Sunday, November 29, 2015

Thanksgiving, West Eaton Cemetery and a piece of history on the Larchmont Shipwreck!

Quite a week here in Eaton as a warm spell brought out people scurrying around outdoors to do the jobs they missed earlier.  Thanksgiving proved to be a beautiful day, warm and balmy, a wonderful boon to the local travelers.

The old house in Eaton housed a small Thanksgiving gathering for museum members those who wanted a place to gather, eat and enjoy each other’s company.  Myself I was happy to have the company and it seemed we all shared the duty of cooking, cleaning and of course, there was too much food.

After a walk on Friday a few of us visited the West Eaton Cemetery so Barbara could visit her husband’s and his families graves, and it was there I spotted a cemetery stone that interested me.  The stone read that the person laying beneath the sod and died in the sinking of the Larchmont.  This as usual peeked my curiosity and I was off on a “History Quest”!

It seems the Larchmont disaster of February 11, 1907, was considered by many to be the Titanic of the eastern seaboard as the steam driven side paddle wheeler sank in 15 to 20 minutes taking over 150 people to their frozen watery deaths.

The 23-year-old Larchmont was a wooden, side-wheel steamship that was 252 feet long by 37 feet wide and was painted white with two tall black smokestacks. It left Providence, Rhode Island at 7 o’clock en-route for New York when a terrible winter storm soon struck causing waves of over 20 feet high and reduced visibility. The Larchmont and coal schooner the Harry P. Knowlton collided in this blizzard only three miles from Watch Hill, Rhode Island.  It was reported that the two ships maneuvered to avoid collision but maneuvered the in the same way causing the Knowlton to strikes with such speed and force that the Larchmont’s fate was sealed.

The collision occurred just after the Captain of the Lachmont (who was only 27) had left his post to retire for the night, Since the passengers were in nightclothes, many in their cabins below deck, they had little hope of surviving temperatures that were zero and below with up to 60 mile per hour winds.

The Captain of the Henry Knowlton who separated from the Larchmont saw no lights and assumed the ship had sailed away for help, he himself attempted a run for the Block Island beach to beach the craft which eventually happened causing the Knowlton to be dashed and splintered by the ferocious waves.

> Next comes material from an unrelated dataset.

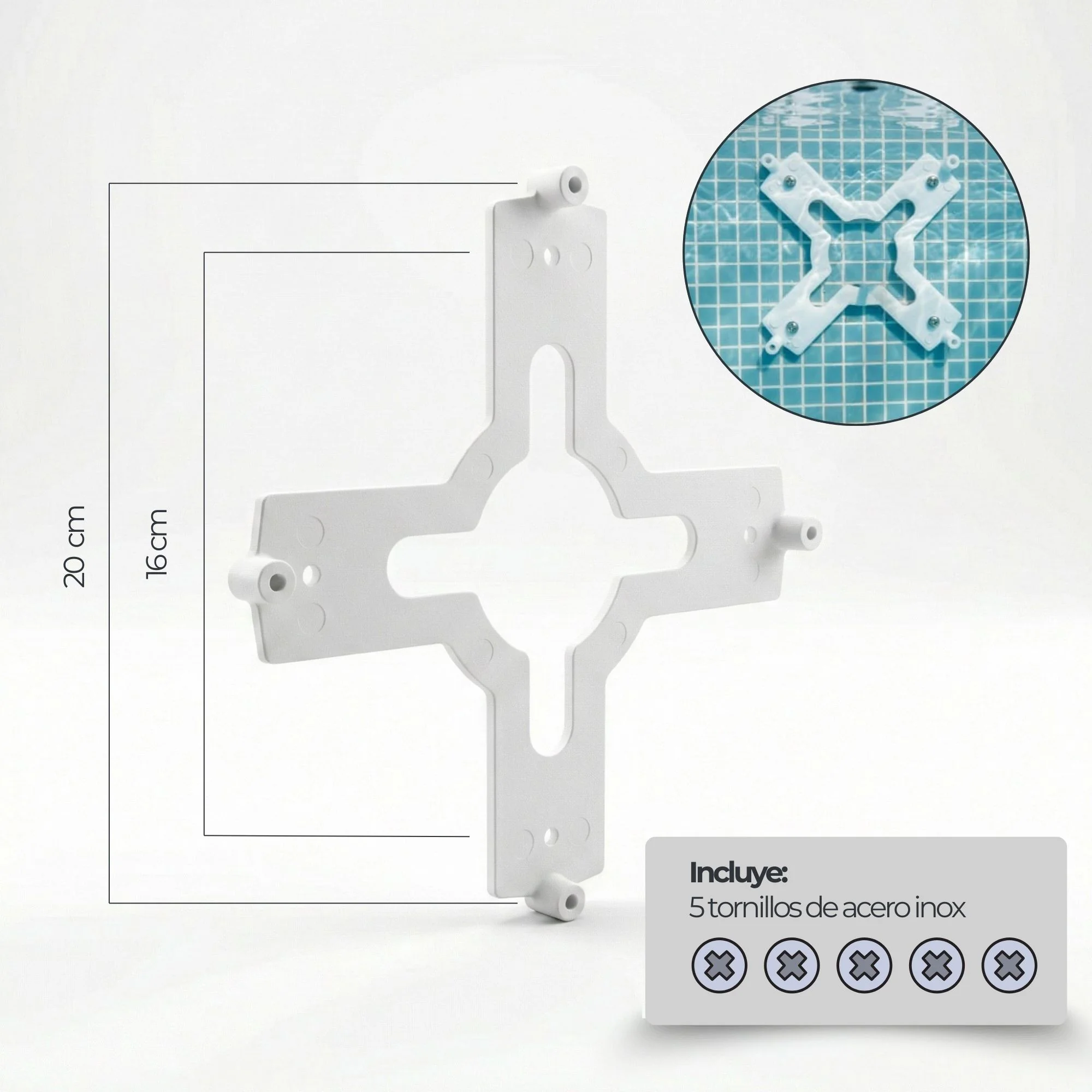 Eclairez votre piscine sans travaux. Projecteur LED de 35W (12V AC) monté en surface qui se visse sur la barre transversale standard. Changez-le sans vider la piscine et obtenez une lumière blanche claire 6000K avec 3 500 lm et IP68.

There were approximately 150 passengers and crewmembers on board although the exact number and names will never be known since the passenger list went down with the ship.  Of that number only 17 people survived. Seventy-four ice-encrusted bodies were washed up on the beaches of Block Island and were shipped home for burial including obviously, Mr. Wightman. The remainder either went down with the ship or drifted out to sea in lifeboats, never to be seen again.

I guess Mr. Wightman had become somewhat famous for being onboard the “Titanic of the East” and so because of this it was noted on his gravestone. 

Another piece of local history and lore, interesting history brought out by a stroll through a cemetery.  An unusual way to learn it!